Page MenuHomePhabricator

Provide a workflow to restart Harbormaster builds
ClosedPublic

Authored by yelirekim on Sep 2 2016, 6:08 AM.
Tags
None
Referenced Files
F14044119: D16485.id39671.diff
Tue, Nov 12, 3:03 PM
F14042824: D16485.id39671.diff
Tue, Nov 12, 6:22 AM
F14013923: D16485.id39663.diff
Sat, Nov 2, 7:53 PM
F14013922: D16485.id39668.diff
Sat, Nov 2, 7:53 PM
F14013921: D16485.id39671.diff
Sat, Nov 2, 7:53 PM
F14013920: D16485.id.diff
Sat, Nov 2, 7:53 PM
F14011675: D16485.diff
Fri, Nov 1, 4:22 AM
F14005046: D16485.diff
Sun, Oct 27, 6:33 AM
Subscribers
Tokens
"Dat Boi" token, awarded by michaeljs1990.

Details

Summary

Ref T10867 for original use case. This workflow provides a plausible way for administrators to stop the daemons when performing upgrades or maintenance, then bring those daemons back up without resulting in the failure of builds that were running at the time.

On our organization's phab install, builds are running 24/7. The majority of these builds last for at least several minutes, and contain build steps which fail if interrupted and then resumed, as happens when turning daemons on and off.
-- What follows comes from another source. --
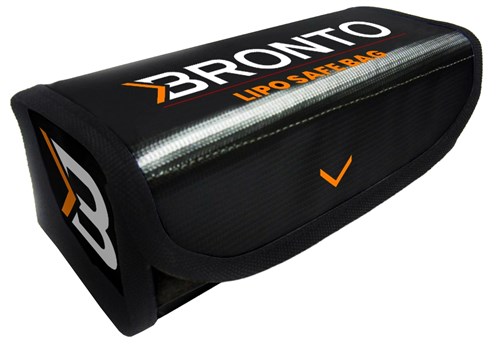 Sikkerhedspose til opladning af LiPo. Denne taske anbefales til opladning af LiPo. I tilfælde af brand eller høj varme generation vil dette begrænse skader og spredning. Du bør stadig følge almindelige sikkerhedsproblemer, når du beskæftiger dig med LiPo, og overveje dette som en ekstra sikkerhed. Når du oplader, sættes batteriet i posen, som lukker godt med en solid velcro. Ledningerne kommer ud gennem en lille åbning på siderne af velcroen.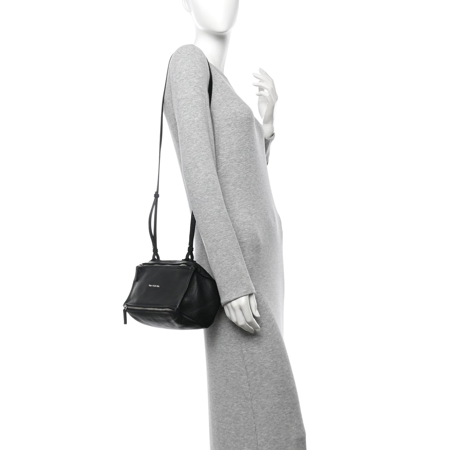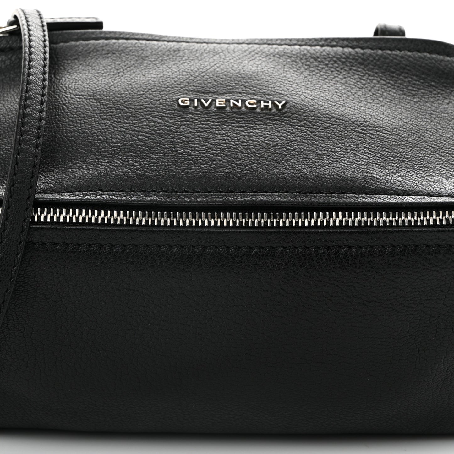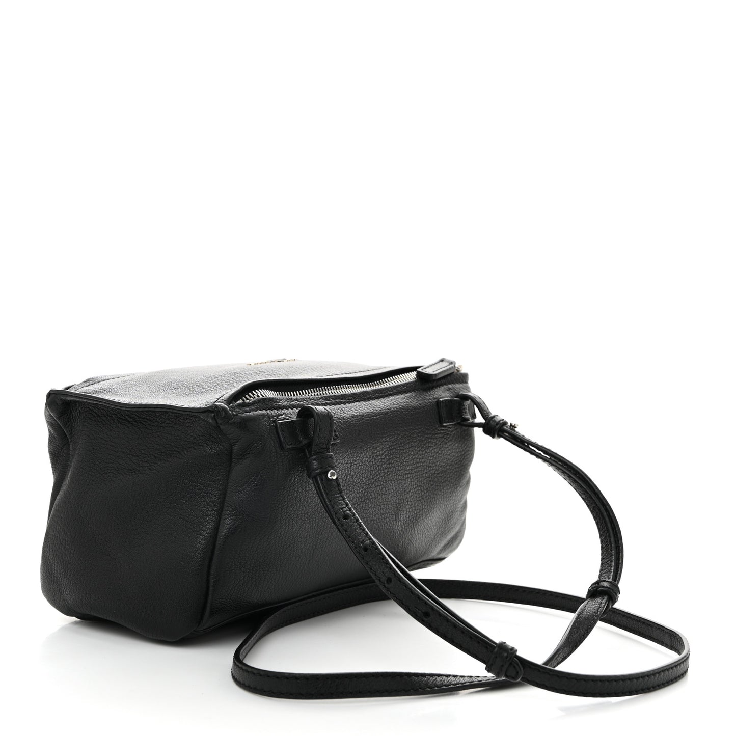 This is an authentic GIVENCHY Sugar Goatskin Mini Pandora in Black. This chic messenger bag is finely crafted of sugar grained goatskin leather in black. The bag features two external front zipper pockets, a long leather adjustable shoulder strap, and silver hardware. The zippers open to a black fabric interior with a zipper pocket.Follow this item for alerts. Givenchy is a registered trademark of Givenchy. FASHIONPHILE is not affiliated with Givenchy.

Instead of allowing these build steps to resume execution as normal, this workflow will instruct active builds to restart their entire build process instead of just resuming whichever step they were on.

Test Plan

contrived a build plan which would fail if resumed partway through:

  • lease a working copy
  • command touch restart_{build.id}
  • command test -e restart_{build.id} && rm restart_{build.id} && sleep 60

followed old procedure:

  • run a few of these builds manually
  • ./bin/phd stop
  • ./bin/phd start
  • saw the builds fail

followed new procedure:

  • run a few of these builds manually
  • ./bin/phd stop
  • ./bin/harbormaster restart --active
  • ./bin/phd start
  • saw the builds pass

Diff Detail

Repository
rP Phabricator
Lint
Lint Not Applicable
Unit
Tests Not Applicable

Event Timeline

yelirekim retitled this revision from to Provide a workflow to restart Harbormaster builds.
yelirekim updated this object.
yelirekim edited the test plan for this revision. (Show Details)
yelirekim edited edge metadata.

What are the advantages of this approach over using bin/phd graceful in your environment? (Predictability of what the "restart" script does / how long it will run for?)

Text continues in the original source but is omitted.